Shallow Copy and Deep Copy
The Longhorn V2 data engine uses SPDK’s shallow copy and deep copy primitives for efficient replica rebuilds and data synchronization. These copy mechanisms operate at the cluster level, copying only allocated data and skipping unallocated (zero) regions.
Shallow copy copies only the clusters that the source lvol has allocated, writing them onto the destination bdev. Unallocated clusters in the source are skipped — the destination keeps whatever it already had there.
Shallow copy can be pipelined with a configurable depth, allowing concurrent in-flight copy operations. The depth is controlled by the data-engine-shallow-copy-pipeline-depth setting:
{"v2": "4"}
Default depth is 1 (sequential). Higher values allow more concurrent copy operations, speeding up rebuilds on storage backends that can handle parallel I/O.
Range shallow copy copies a specific list of clusters and unmaps (TRIMs) all others on the destination. This is used when the destination already has a partial copy of the data — only the mismatching clusters need to be copied, and the rest are unmapped to ensure consistency.
Range shallow copy is the mechanism used for incremental rebuilds when the destination already has most of the data and only a subset of clusters have changed.

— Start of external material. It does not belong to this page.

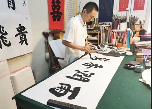 說起薛鏞的書法,應從他的少年時期的啟蒙開始。少年時,看著伯父幫鄰里們寫春聯時揮灑自如的神情,聽著周圍鄉鄰們發出的贊嘆聲,他就已經心馳神往。上學后,他把書法的滿腔熱情傾注到寫仿上,只要-有空閑,就筆不離手,伏案勞形,通宵達旦。

Deep copy copies all allocated clusters from the source lvol and its snapshot ancestors to a destination bdev. Unlike shallow copy, deep copy reads through the entire snapshot chain, duplicating all data.
Deep copy is used when a complete, independent copy of the data is needed (e.g., for volume cloning or backup operations).
During a v2 volume rebuild:
This cluster-level copy approach means that rebuild time and space usage are proportional to the actual data size, not the volume’s logical size.